Based on prior knowledge, the feature "capital-gain" represents the total increase in a person's wealth or assets over a specific period, typically through investments or the sale of assets. Typically, individuals with higher capital gains tend to have higher incomes. 

To analyze the relationship between the feature "capital-gain" and the task of whether a person earns more than 50000 dollars per year, we can consider the following approach:

1. Analyze the range of values: 
   - It is important to determine the appropriate ranges of values for the "capital-gain" feature. This information is not explicitly provided, so we will assume a wide range of possible values but limit to the common range of capital gains.
   - In this analysis, we will consider the values from 0 to 100,000 as potential range limits for the "capital-gain" feature.

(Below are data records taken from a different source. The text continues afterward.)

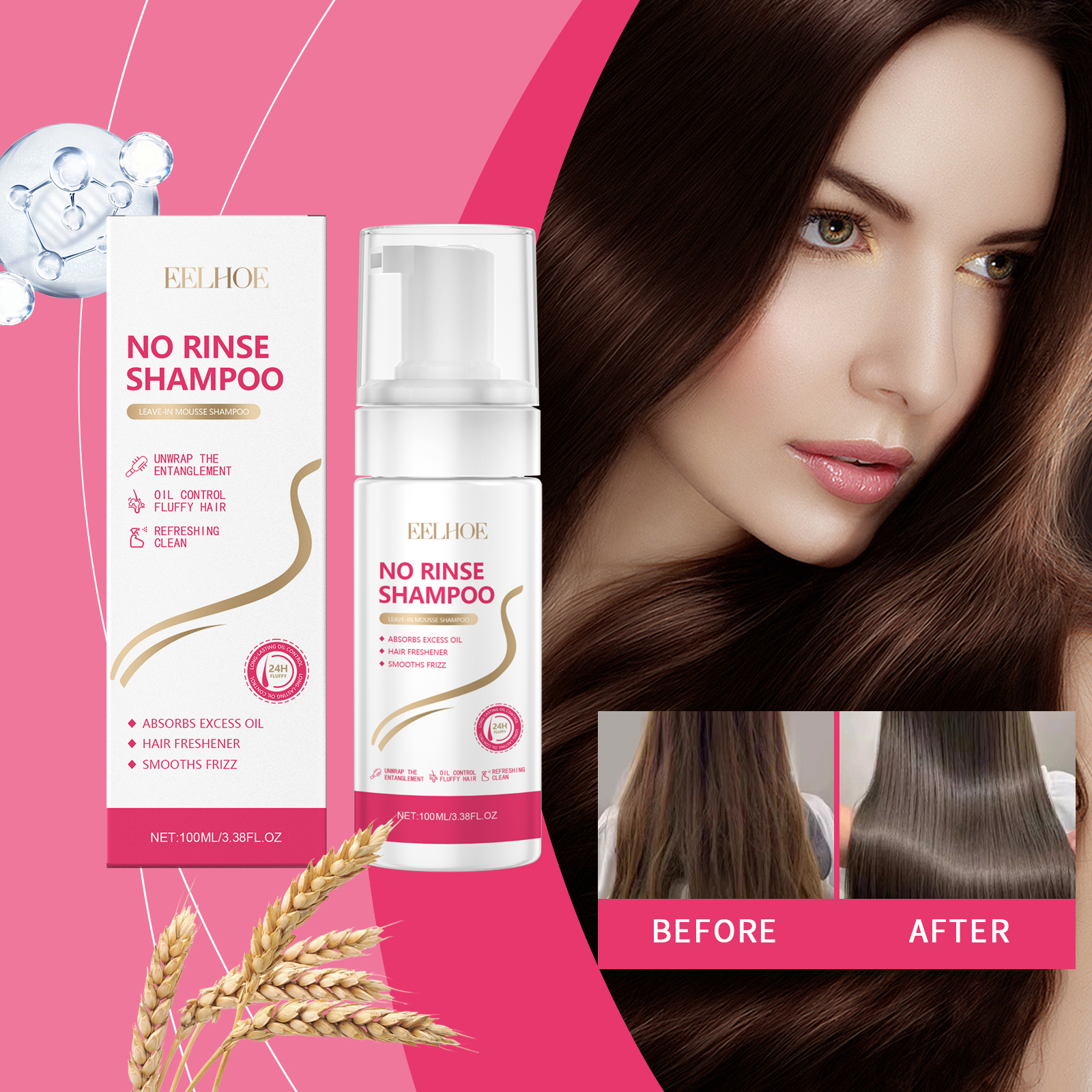 Our water-free shampoo mousse contains oat extract, cocamidopropyl betaine, and sodium hyaluronate. It can easily solve the cleaning needs, provide deep nutrition to the hair, absorb excess oil, and keep the hair fresh. Its use is very simple: 1. Shake the product bottle well to ensure that the ingredients are fully mixed; 2. Squeeze an appropriate amount of mousse into the palm of your hand and gently apply it to dry hair and scalp; 3. Gently massage the scalp and hair with your fingertips to help clean and moisturize; 4. Gently dry your hair with a clean towel and let it dry. Easy to clean, no water required, time-saving and efficient; oat extract nourishes the hair and makes it soft and smooth.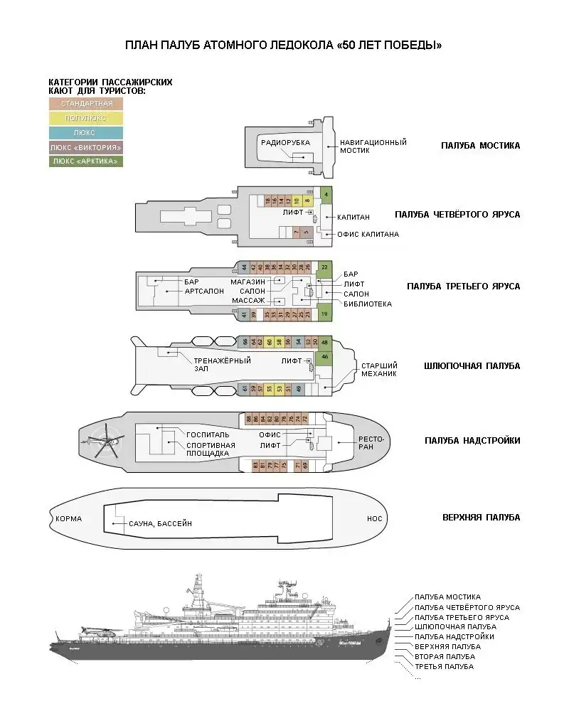 Между тем, «50 лет Победы» не всегда занимается тем, что вызволяет другие суда из плена. На самом деле он также ориентирован на выполнение арктических круизов. Так, вы лично можете отправиться к Северному Полюсу, заплатив энную сумму за билет. Поскольку пассажирских кают как таковых здесь нет, туристов размещают в каютах состава корабля. Зато на борту есть собственный ресторан, бассейн, сауна, тренажерный зал .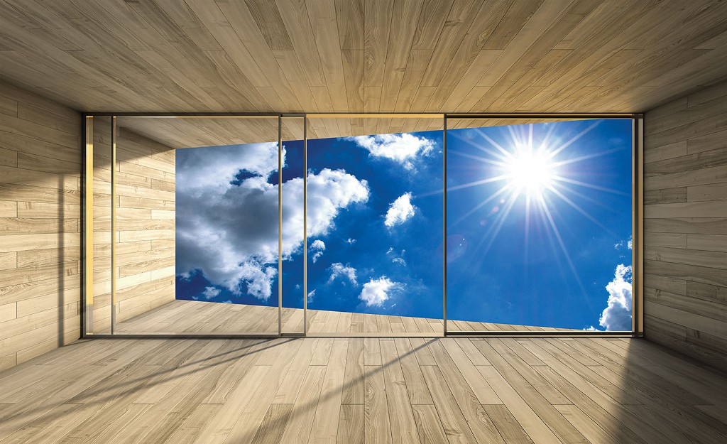Отзывы о Флизелиновые 3д фотообои красивые 368x254 см Вид из окна террасы на солнечное небо (3292V8)+клей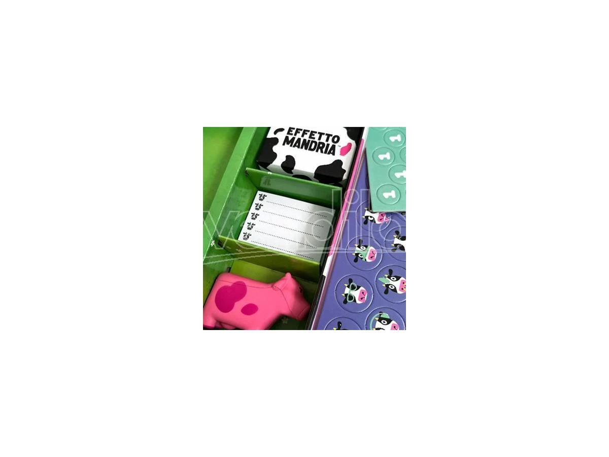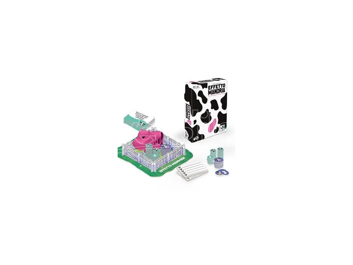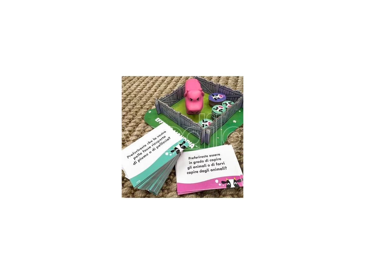 Contenuto: blocchi delle risposte, carte domanda, segnalini mucca, mucca rosa morbidosa, recinto per mucche.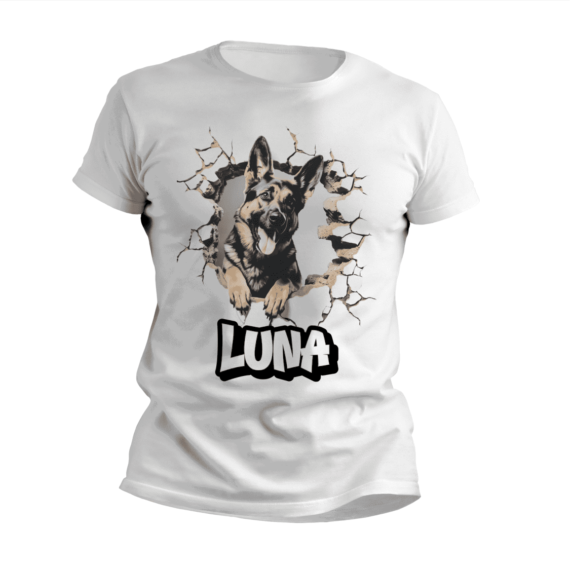 El diseño Perrito Ovejero Alemán Personalizando su Nombre aporta un toque divertido y moderno, ideal para mostrar a quien querés mucho en una prenda original para usar o para regalar.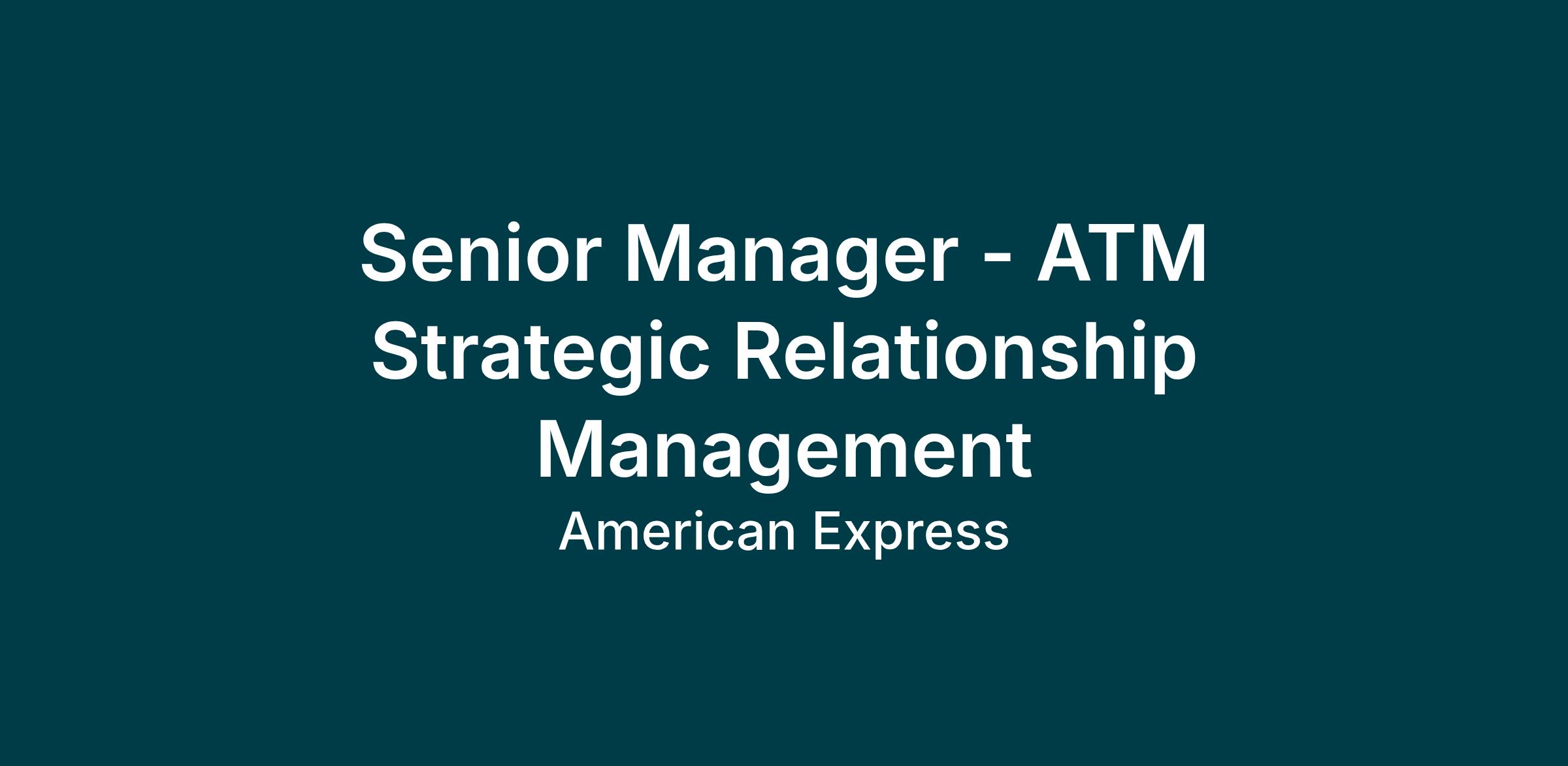 Reporting to Director Global ATM Business Development & Strategy, the Senior Manager - ATM Strategic Relationship Management position is an exciting opportunity for an experienced business development professional to drive external change and enhanced control oversight for the Amex ATM business. The role will allow you to devise & implement strategies to meet company needs through a mix of: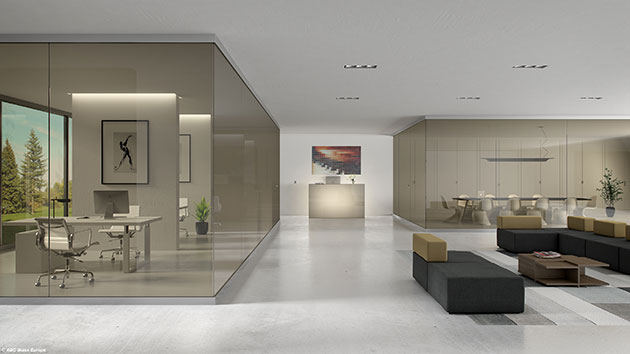 Nell’immagine, il nuovo vetro stratificato di sicurezza Stratobel Colour nella variante cromatica Terra Brown definisce gli spazi, conferendo carattere all’ambiente (©Miysis Studio 3D).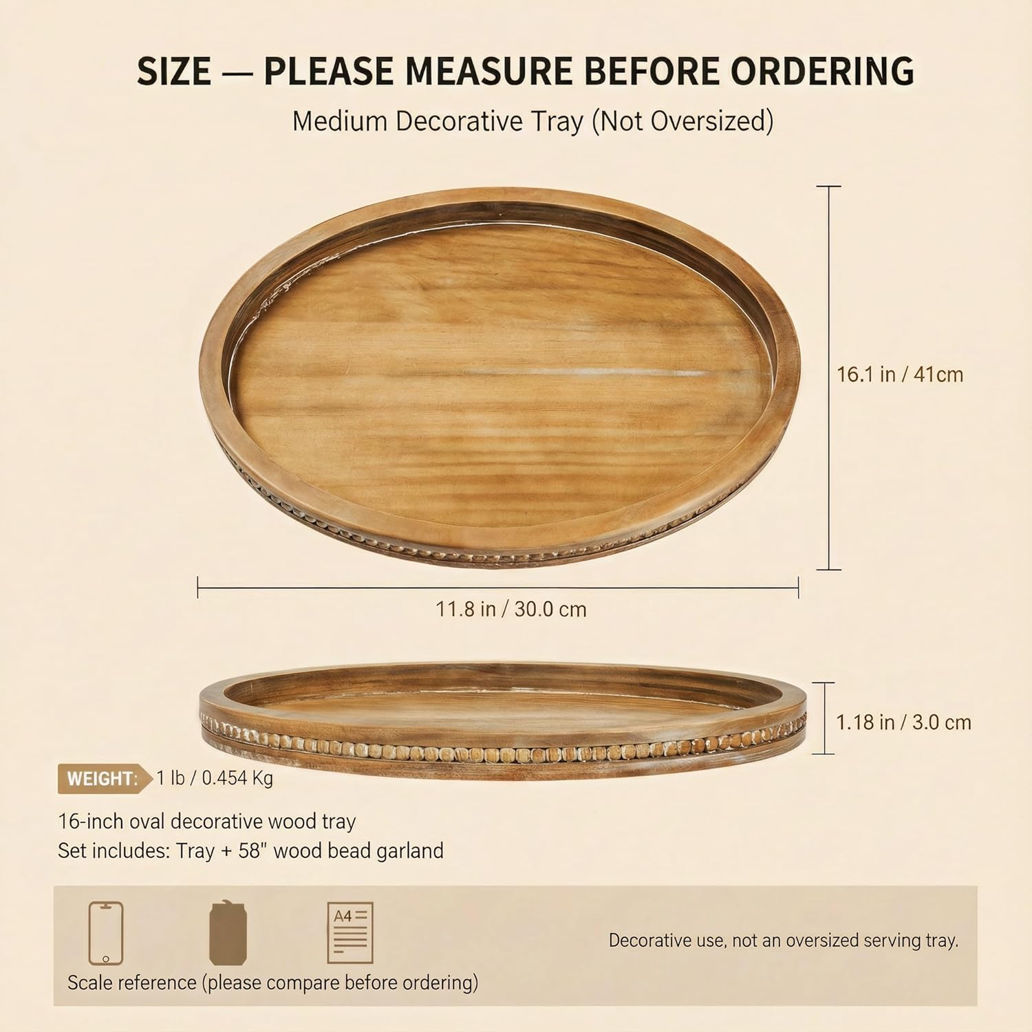 𝐈𝐧𝐜𝐥𝐮𝐝𝐞𝐬 𝐌𝐚𝐭𝐜𝐡𝐢𝐧𝐠 58″ 𝐖𝐨𝐨𝐝 𝐁𝐞𝐚𝐝 𝐆𝐚𝐫𝐥𝐚𝐧𝐝 — You’ll receive 1 oval decorative tray + 1 wood bead garland (58 in / 148 cm). Style it instantly with candles, greenery, a small vase, or seasonal accents.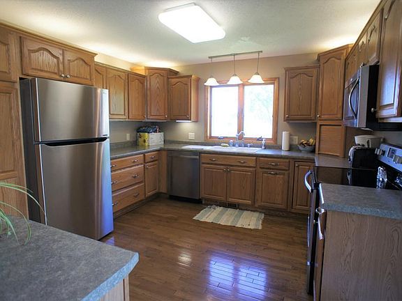 Great 3 BR, 2 Bath split level home in perfect location, close to schools and Lions Park. Hardwood floors in living room and expansive open concept dining and kitchen with plenty of built in cabinetry and extra countertop space (appliances stay). The fenced in, large back yard offers plenty of room to spread out and enjoy the surroundings. Close to H.S., ball games and the newly revamped Lions park. A few short steps to the 2nd floor features the main bath with extra bathroom storage and 3 bedrooms with large closets. The lower level features a large laundry room and storage closet. An extra bonus room could be another family room or large non-conforming bedroom or office. Roof, furnace and water heater all replaced within the last two years! Double car garage features a large insulated storage/workshop. Call for a showing today!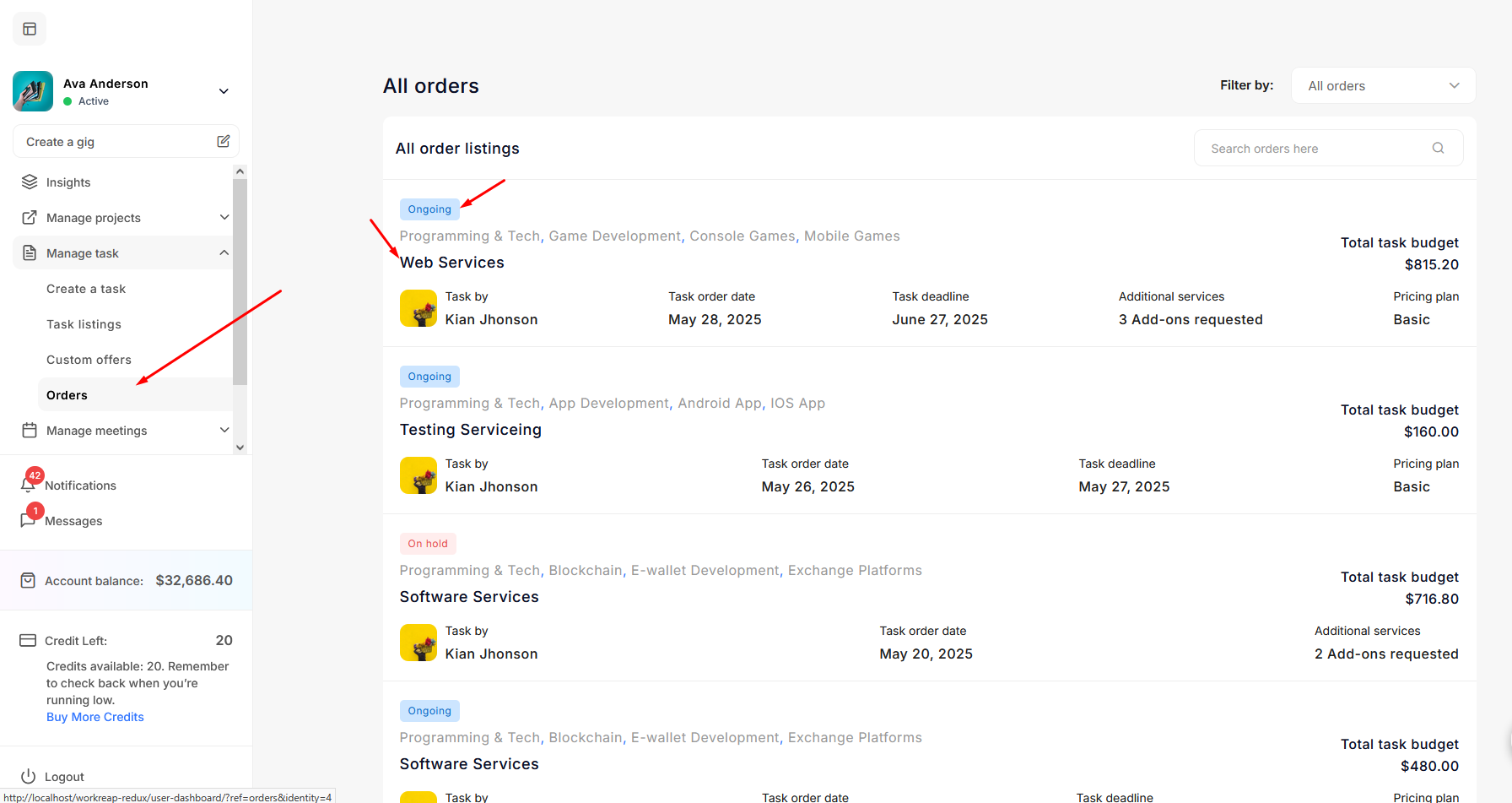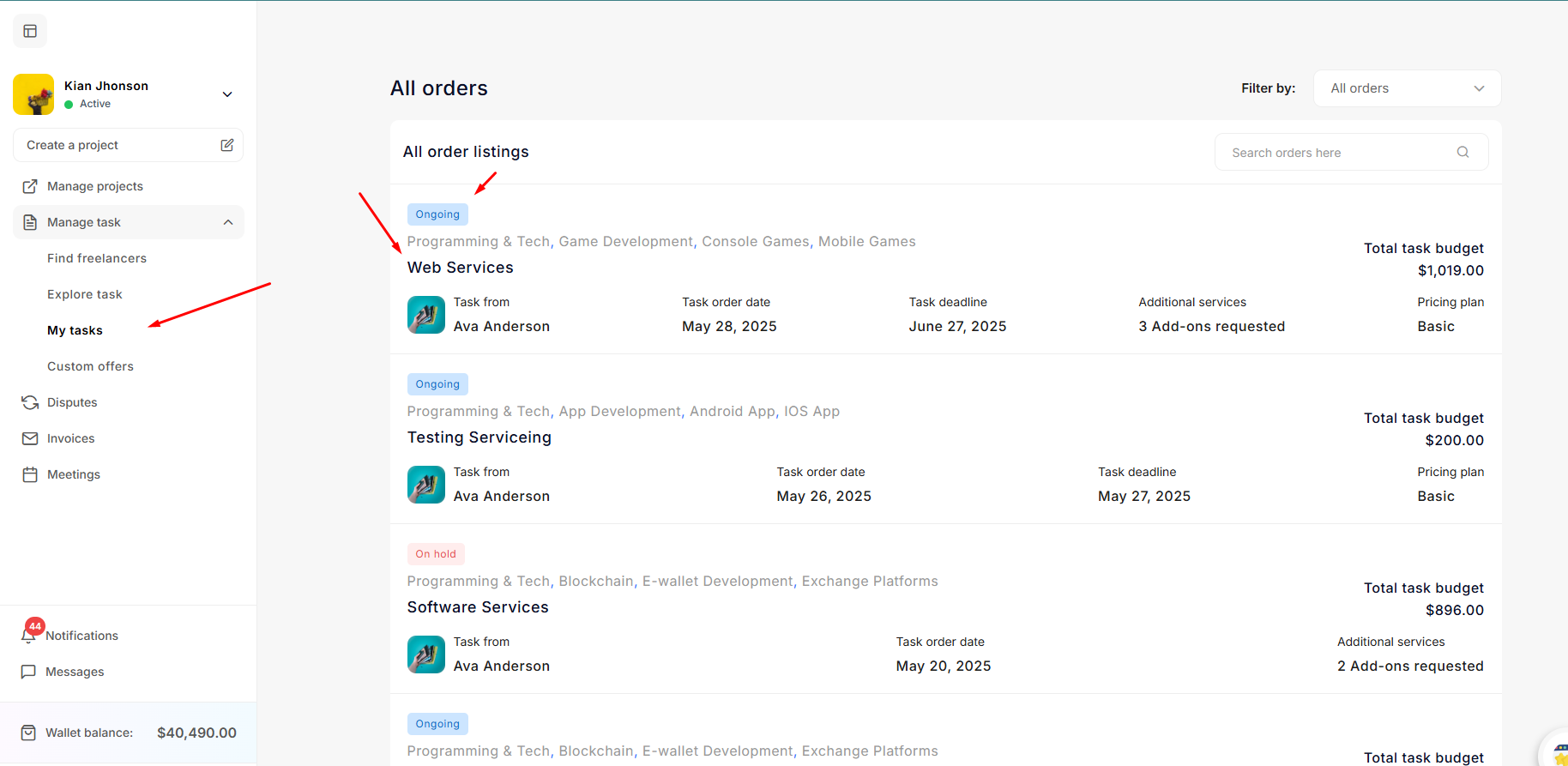 An Employer books a specific service of a Freelancer. After purchasing the service, the Employer can view it under Manage Tasks -> My Tasks on their dashboard. The freelancer can see it under Manage Tasks -> Orders on their dashboard.

2. Determine the relationship between feature and target:
   - The goal is to identify and analyze typical capital-gain values for each target class ('no' and 'yes'), representing individuals earning less or more than 50000 dollars per year.
   - By comparing the average capital-gain values for each target class, we can assess their relationship.

3. Create a dictionary:
   - Based on the analysis, we will generate a dictionary with key-value pairs indicating the typical capital-gain values for each target class.

Here's the resulting dictionary:

```json
{
	"no": [0, 1000, 2500, 5000, 7500],
	"yes": [5000, 10000, 20000, 30000, 50000]
}
```

Please note that these values are just examples and may differ based on the dataset and specific data distribution.